Right-Sided Heart Failure

The most prominent symptoms of right-sided heart failure are marked weakness, breathing difficulties, edema and ascites. Edema on the ankles (pedal edema), as well as ascites accompanied with hepatosplenomegaly are indicators of venous congestion, which is one of the main features of this condition [11]. Other symptoms may include abdominal pain, bloating, nausea and weight loss. In severe cases, where both left- and right-sided failure occurs, marked dyspnea and cyanosis may be observed. Clinical examination may reveal tachycardia, increased jugular venous pressure with sometimes visible distension, while a heart murmur may be observed during auscultation. To establish the severity of heart failure, the New York Heart Association (NYHA) classification system is used, and ranges from I (no limitations in daily or physical activity as a result of cardiac changes) to IV (symptoms occur at rest and any activity creates significant discomfort) [3].

A thorough clinical examination and a good patient history may provide vital clues that determine the course of workup in these patients. Initial studies should comprise ECG, chest X-ray and laboratory studies including CBC, liver and kidney function tests, serum electrolytes and brain natriuretic peptide (BNP). If the symptoms appeared abruptly, cardiospecific enzymes should be evaluated as well. Chest X-ray may reveal pulmonary edema or an increased cardiac silhouette, whereas ECG studies provide a good view into the cardiac conduction system. To make a definite diagnosis, echocardiography is the optimal imaging study, which provides an excellent view into the cardiac structures [12]. Additional techniques that may be of use to establish the overall condition of the patient are CT and MRI, while 3D echocardiography is showing promising results in replacing invasive methods for determination or right atrial pressure [13].
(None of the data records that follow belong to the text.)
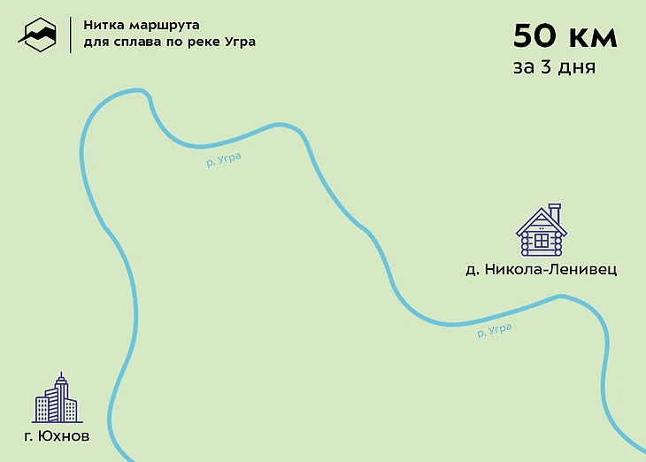 Река Угра находится в Калужской области. Начальная точка маршрута расположена в городе Юхнов, что в 190 километрах от МКАД. Лучше всего трансфер организовывать от Калуги. Своим ходом добираться сложно. Маршрут, протяженностью в 50 километров, соединяет город Юхнов и деревню Никола-Ленивец. Оптимальное время на сплав — три дня.
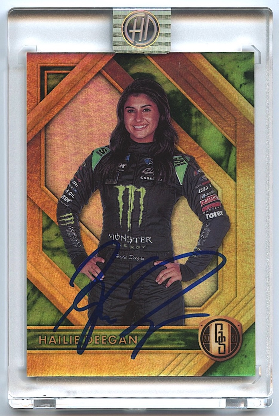 The autograph has been encapsulated with an official Hailie Deegan tamper proof hologram and includes a matching exclusive Hailie Deegan COA.
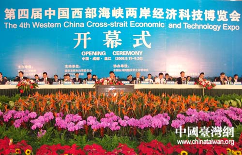 中國臺灣網9月19日成都消息 今天上午,四川省在“5·12”汶川大地震后,舉辦的第一個大規模涉臺經貿活動——第四屆中國西部海峽兩岸經濟科技博覽會(簡稱“海博會”),在成都市溫江區成都花博國際會展中心開幕。來自海峽兩岸的1500多名經貿界人士歡聚一堂,上海、深圳、東莞、蘇州等沿海主要臺商聚集區的臺資企業協會更是率當地電子、機械等行業客商組團參會。
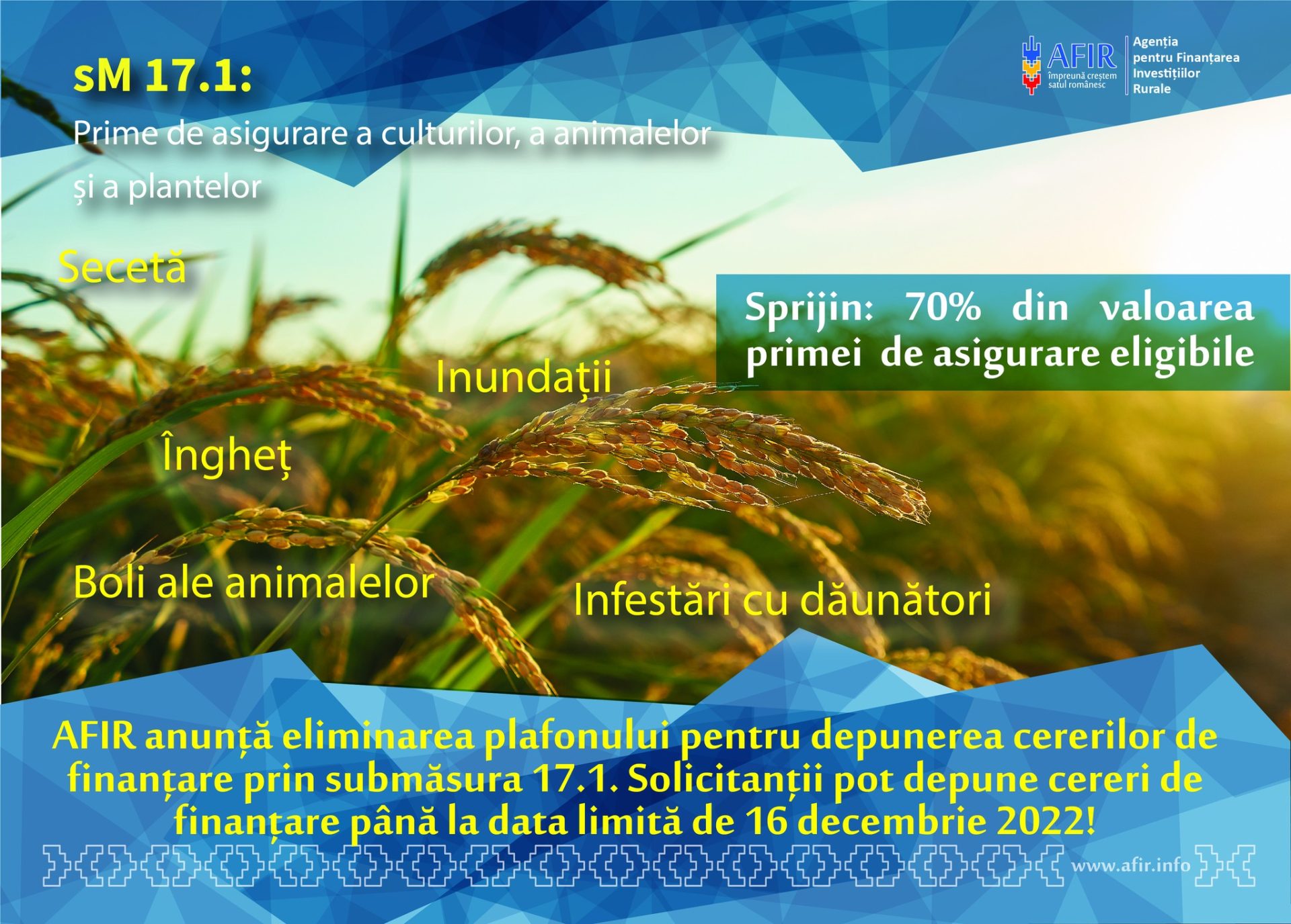 Agenţia pentru Finanţarea Investiţiilor Rurale (AFIR) a anunțat eliminarea plafonului pentru depunerea cererilor de finanțare prin submăsura 17.1.
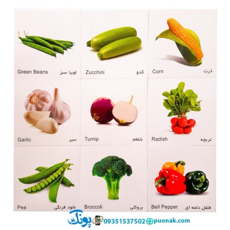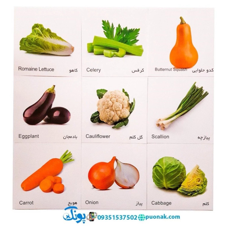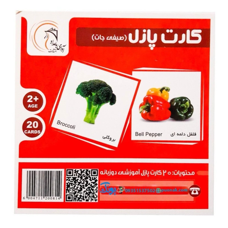 کارت آموزش صیفیجات مدل کارت پازل انتشارات آوای بامداد (20 کارت پازل آموزشی دو زبانه)
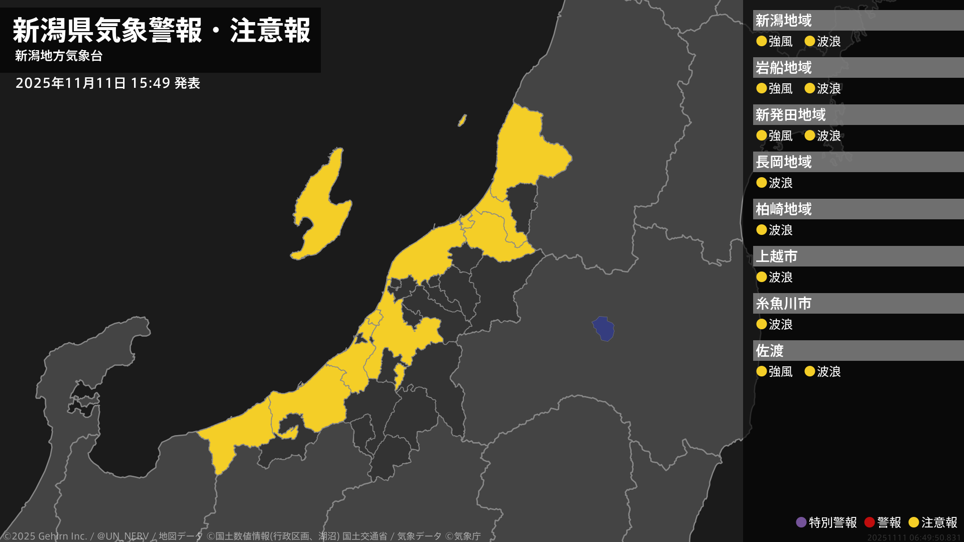 【新潟県 気象警報・注意報 2025年11月11日 15:49】

To effectively treat right-sided heart failure, resolution of the underlying cause is a must [1]. During the diagnostic workup, however, symptomatic therapy and correction of blood pressure and tissue oxygenation must be carried out, usually with the help of various pharmacologic agents. Digoxin, β-blockers, calcium-channel antagonists, diuretics, ACE inhibitors, aldosterone blockers and several other groups are all used under various circumstances [3]. Changes in dietary habits may be of particular importance, especially reduction in sodium intake, as it is shown to be a very important factor in the pathogenesis of atherosclerosis and other cardiovascular diseases, including MI. Directed therapy may be initiated in the case of endocarditis, where various antibiotic regimens exist, depending on the underlying pathogen, while congenital heart disease is usually treated surgically. Thrombolytic therapy is indicated in the setting of pulmonary embolism, whereas invasive cardiac surgery is required for patient with MI. Sometimes, despite after recommended treatment, heart failure may persist and require implantation of various devices. Defibrillators or pacemakers may be inserted and are used as a last resort in treating heart failure.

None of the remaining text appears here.